What are the modifiers to change between sizes of vector register?

Also, are there any specific-size constraints for use with input or output operands? Something other than the generic x which can end up being xmm, ymm, or zmm depending on the type of the expression you put in the parentheses.

Off-topic:
clang appears to have some Yi / Yt constraints (not modifiers), but I can't find docs on that either. clang won't even compile this, even with the vector instructions commented out, because it doesn't like +x as a constraint for an __m512 vector.

Background / motivation

I can get the result I want by passing in the scalar as an input operand, constrained to be in the same register as a wider output operand, but it's clumsier. (The biggest downside for this use-case is that AFAIK the matching constraint can only reference by operand-number, rather than the [symbolic_name], so it's susceptible to breakage when adding/removing output constraints.)

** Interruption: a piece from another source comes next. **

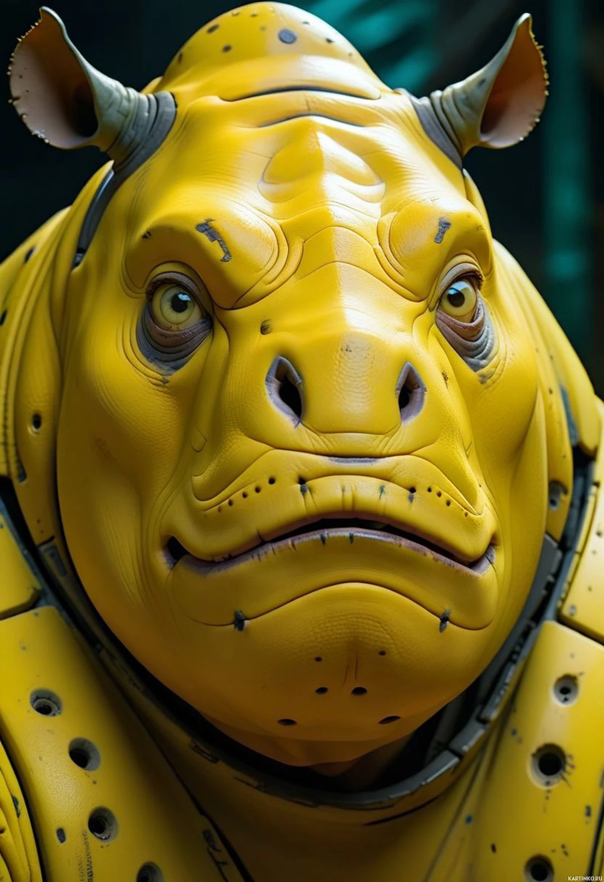 На картинке изображен персонаж с ярко-желтой кожей и большими белыми ушами, похожими на собачьи, одетый в то, что выглядит как скафандр. Лицо персонажа проработано в деталях: взгляд направлен вперед, губы слегка приоткрыты в строгом или напряженном выражении, брови приподняты, что придает ему внушительный вид. На костюме видны лямки на плечах и панель на груди, намекающие на механические соединения или элементы управления. Фон темный и размытый, что предполагает обстановку, возможно, связанную с космическими исследованиями или боем.

// does what I want, by using a paired output and input constraint
__m512 mul_bcast(__m512 a, float b) {
    __m512 tmpvec;
    asm(
        "vbroadcastss  %[scalar], %[tmpvec]\n\t"
        "vmulps        %[tmpvec], %[vec], %[vec]\n\t"
        : [vec] "+x" (a), [tmpvec] "=&x" (tmpvec)
        : [scalar] "1" (b)
        :
    );

  return a;
}

On the Godbolt compiler explorer

Also, I think this whole approach to the problem I was trying to solve is going to be a dead end because Multi-Alternative constraints don't let you give different asm for the different constraint patterns. I was hoping to have x and r constraints end up emitting a vbroadcastss from a register, while m constraints end up emitting vmulps (mem_src){1to16}, %zmm_src2, %zmm_dst (a folded broadcast-load). The purpose of doing this with inline asm is that gcc doesn't yet know how to fold set1() memory operands into broadcast-loads (but clang does).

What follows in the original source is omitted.